Après une ouverture tumultueuse à Buriram, cette deuxième manche arrive à point nommé pour vérifier s’il s’agit du début d’une aventure plus marquante.
La question demeure : la course en Thaïlande était-elle une exception, influencée par une construction arrière Michelin spécifique qui a favorisé les pilotes Aprilia et KTM, tandis que Ducati se débattait ?
Pablo Acosta se dirige vers le Brésil en tant que leader du championnat, après un début de saison prometteur. Sa victoire au Sprint en Thaïlande a établi KTM comme un concurrent sérieux, et son podium en Grand Prix a confirmé qu’il n’était pas simplement un pilote de samedi. Acosta aspire à une percée encore plus impressionnante dimanche, ce qui lui confère une dynamique et une confiance qui modifient instantanément la perception des compétitions pour le titre.

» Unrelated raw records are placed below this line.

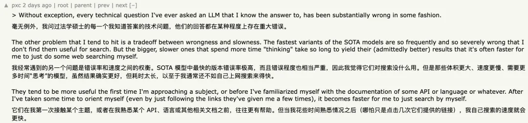 在我刚开始接触某个新领域,或者还没完全熟悉某个 API、语言或相关文档之前,这些模型确实能发挥一定作用。但一旦我花了些时间完成“入门”,哪怕只是顺着它们给出的链接自己看过几次资料,后续再查问题时,直接自己搜索反而更高效。”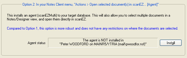 This procedure will add an agent to your target database, in the menuActions > Open selected document(s) in scanEZ...[Agent].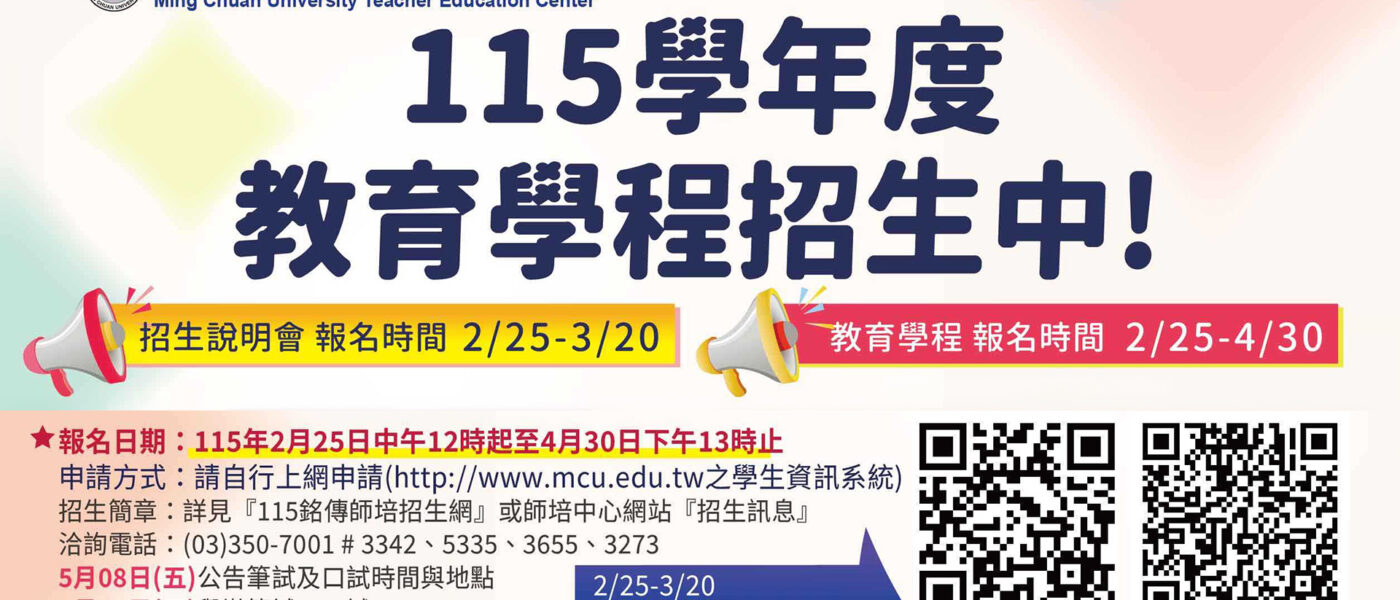 銘傳師培115學年度教育學程招生啟動 新增三大專長拓展中等師資培育版圖

Brad Binder a connu un week-end plus calme mais utile, en réalisant deux top-sept qui permettent à KTM d’avoir une seconde moto assez compétitive. La prochaine question concerne la possibilité pour Tech3 de convertir le potentiel évident de la RC16 en résultats conséquents. Enea Bastianini a réussi à marquer des points en Thaïlande, tandis que Maverick Viñales a peiné à transformer ses promesses de pré-saison en un week-end fructueux. Un nouveau circuit offre une chance de réinitialiser les choses.
Si KTM a quitté la Thaïlande avec un sentiment d’encouragement, Aprilia a clairement montré qu’elle a fait un pas en avant significatif.
La performance de Marco Bezzecchi dimanche à Buriram a été le point fort de cette première manche. Après une erreur dans le Sprint, il a inscrit la pole et a remporté le Grand Prix avec un contrôle déconcertant, confirmant que la vitesse d’Aprilia en pré-saison se concrétise en conditions de course. Ce qui était tout aussi frappant, c’était la force montrée par ses coéquipiers. Raul Fernandez a offert à Trackhouse deux podiums, Jorge Martin affichait une forme plus stable, et Ai Ogura continue de démontrer qu’il est un concurrent sérieux au sommet.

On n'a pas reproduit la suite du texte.